- Willsboro Location within New York
- Coordinates: 44°21′28″N 73°23′28″W﻿ / ﻿44.35778°N 73.39111°W
- Country: United States
- State: New York
- County: Essex
- Town: Willsboro

Area
- • Total: 1.96 sq mi (5.07 km^{2})
- • Land: 1.91 sq mi (4.95 km^{2})
- • Water: 0.042 sq mi (0.11 km^{2})
- Elevation: 223 ft (68 m)

Population (2020)
- • Total: 689
- • Density: 360/sq mi (139.1/km^{2})
- Time zone: UTC-5 (Eastern (EST))
- • Summer (DST): UTC-4 (EDT)
- ZIP code: 12996
- FIPS code: 36-82260

= Willsboro (CDP), New York =

Willsboro is a hamlet and census-designated place (CDP) in the town of Willsboro in Essex County, New York, United States. The population of the CDP was 753 at the 2010 census, out of a total town population of 2,025.

==Geography==
Willsboro hamlet is located in the center of the town of Willsboro, along the Boquet River, a tributary of Lake Champlain. New York State Route 22 is the main road through the community, leading north 30 mi to Plattsburgh and south 15 mi to Westport. Interstate 87 is 8.5 mi to the northwest via NY 22.

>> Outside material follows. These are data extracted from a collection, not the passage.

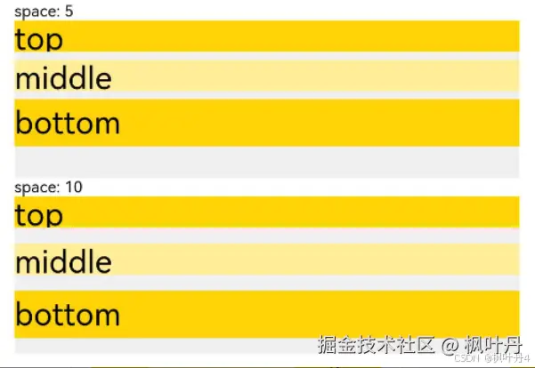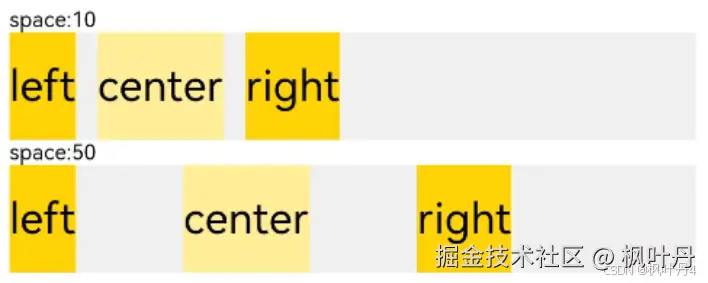 - 通过space参数设置主轴(排列方向)上子组件的间距。达到各子组件在排列方向上的等间距效果。
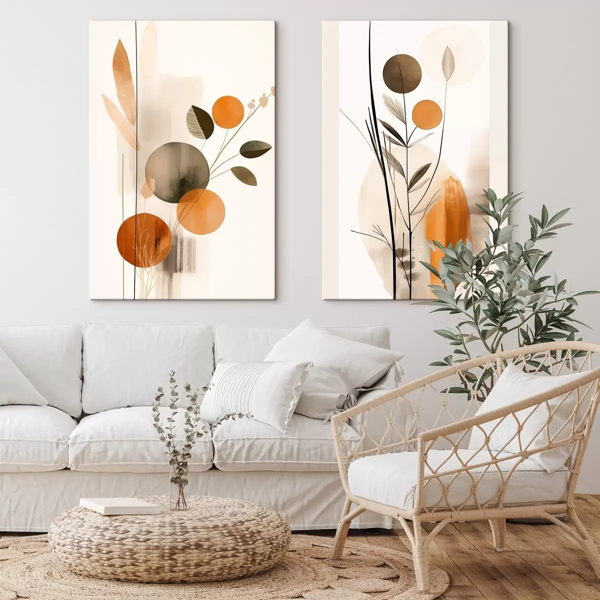 Gemälde Abstrakte Malerei-Imitation mit orangefarbenen und grauen Kreisen, Blättern und Zweigen, moderner Stil, Aquarelleffekt Art. m01009
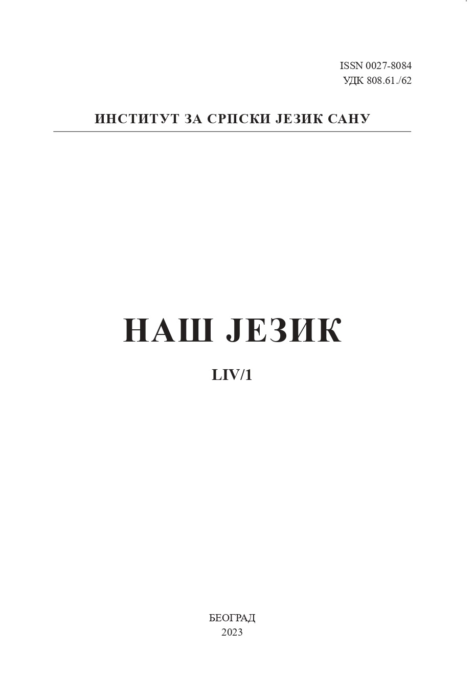 Насловна Наш језик Наш језик LIV/1
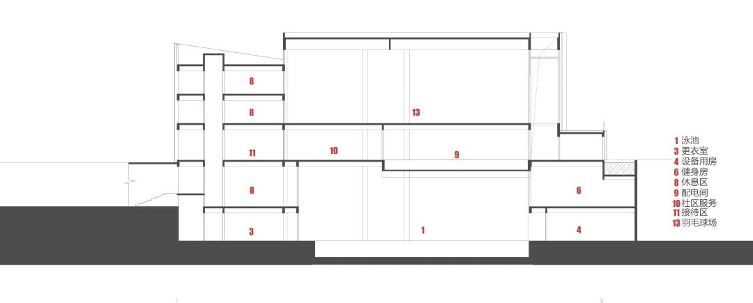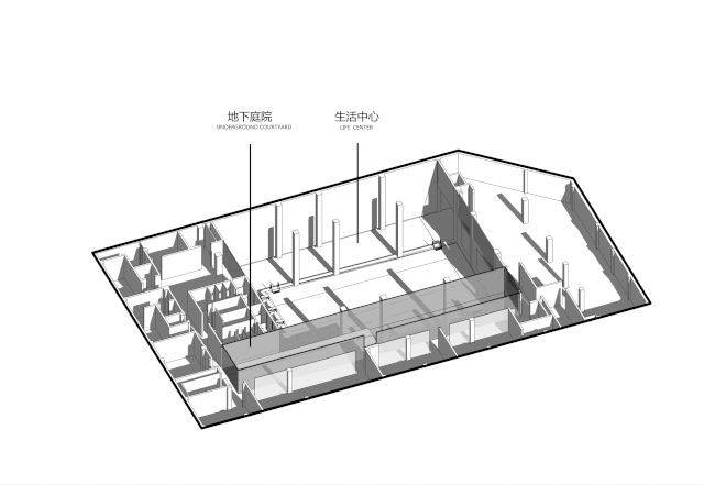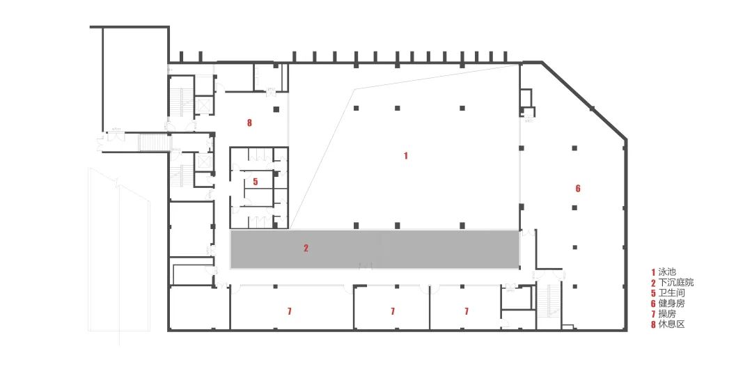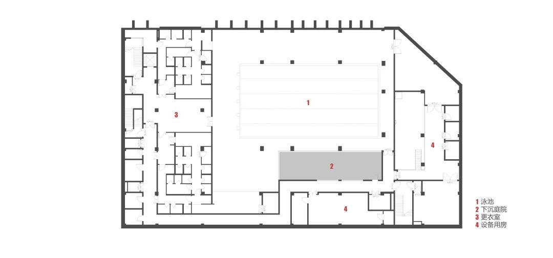 地下一、地下二层集合了泳池、休息、娱乐、健身等功能,围绕着一个采光庭院展开,利用侧高窗采光,也可以享受到不同品质的光线,这样的空间布置将形成虚和实,光线和风景的对话。
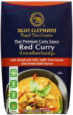 Curry Sauce Red 300g Blue Elephant fra Blue elephant er et produkt innen Middagstilbehør, Sauser, Asiatiske sauser. Produktet er tilgjengelig hos Meny til en pris av 89.00 kr. Vekten er 300 g. Produktet inneholder følgende allergener: Fisk, Skalldyr. Produktet leveres av Oluf lorentzen as. Produktet ble første gang registrert 15.7.2022 og sist oppdatert 24.9.2023. Prisen har holdt seg stabil på 89.00 kr.
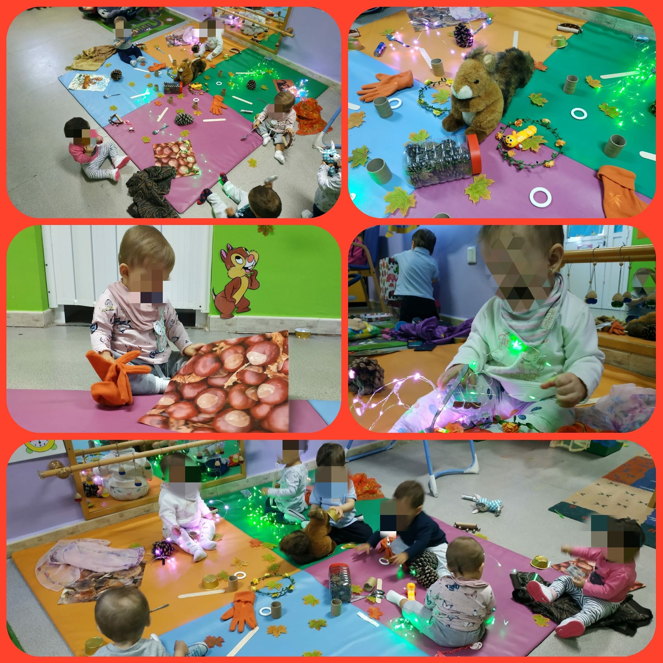 A los más pequeños del municipio les enseñan el otoño y sus colores tocando y jugando en las Casas de Niños del Municipio. Sus monitoras lo consiguen con una divertida actividad utilizando piñas, hojas, cascabeles, etc
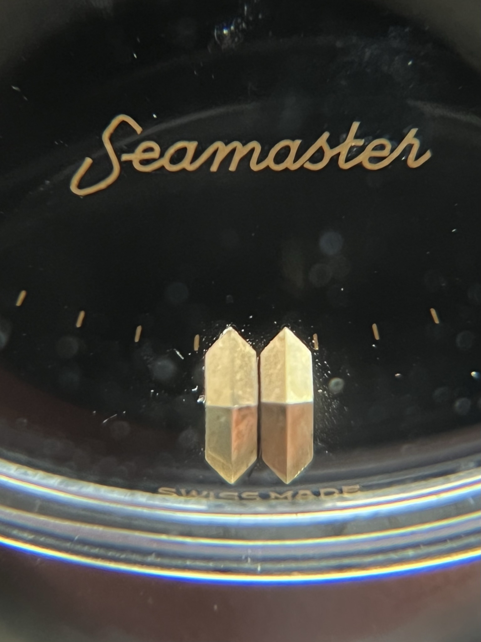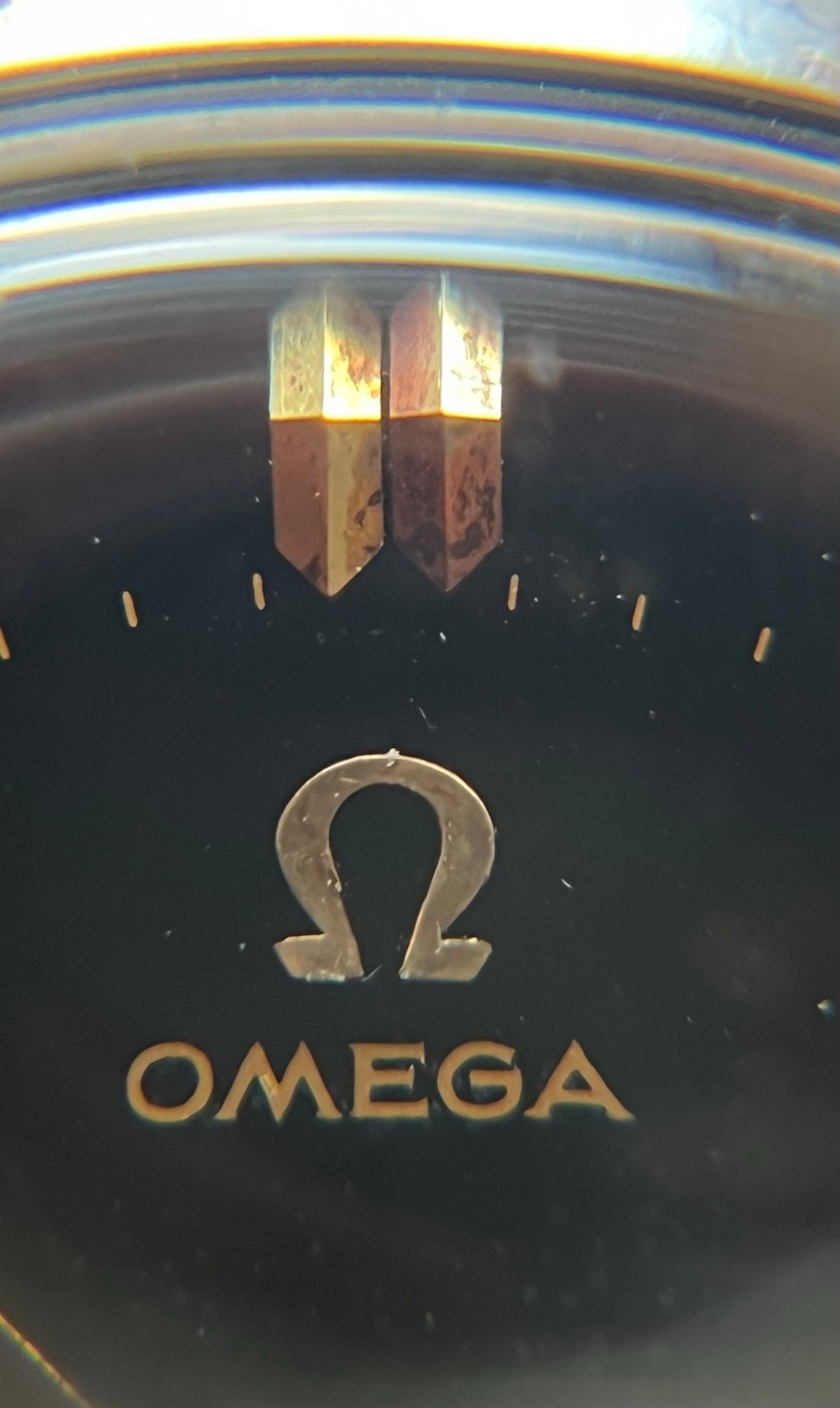 Dial & Hands: Completely original black dial with a glossy finish, all the writing is fully there and really pops out from the deep black. Yellow gold indices and hands, with the right indice at 12 showing discoloration. Lume has aged nicely in a beige-brown, some lume loss in the minute hand. Do note that the dot on 3 is on the plexi, not the dial. However, the dial does show some wear. There is a light layer of residue in some places, most notably above the Seamaster writing, right of the center, and at the outer edge in the left bottom quarter. That being said, I found it’s basically impossible to really depict this in pictures with the plexi on and it’s not very noticeable with the bear eye, except for in some specific angles. I’d say that this is a very attractive watch on the wrist, but I want to highlight the negative side as much as I can, so here’s a picture in artificial light, dial extracted from the case, in the worst possible angle of light. I’ve never managed to make it look anywhere near as bad on the wrist, but regardless:

According to the United States Census Bureau, the Willsboro CDP has a total area of 5.07 sqkm, of which 4.98 sqkm is land and 0.09 sqkm, or 1.69%, is water.

==Demographics==

Historical population
| Census | Pop. | Note | %± |
| 2020 | 689 |  | — |
U.S. Decennial Census

==Education==
The census-designated place is in the Willsboro Central School District.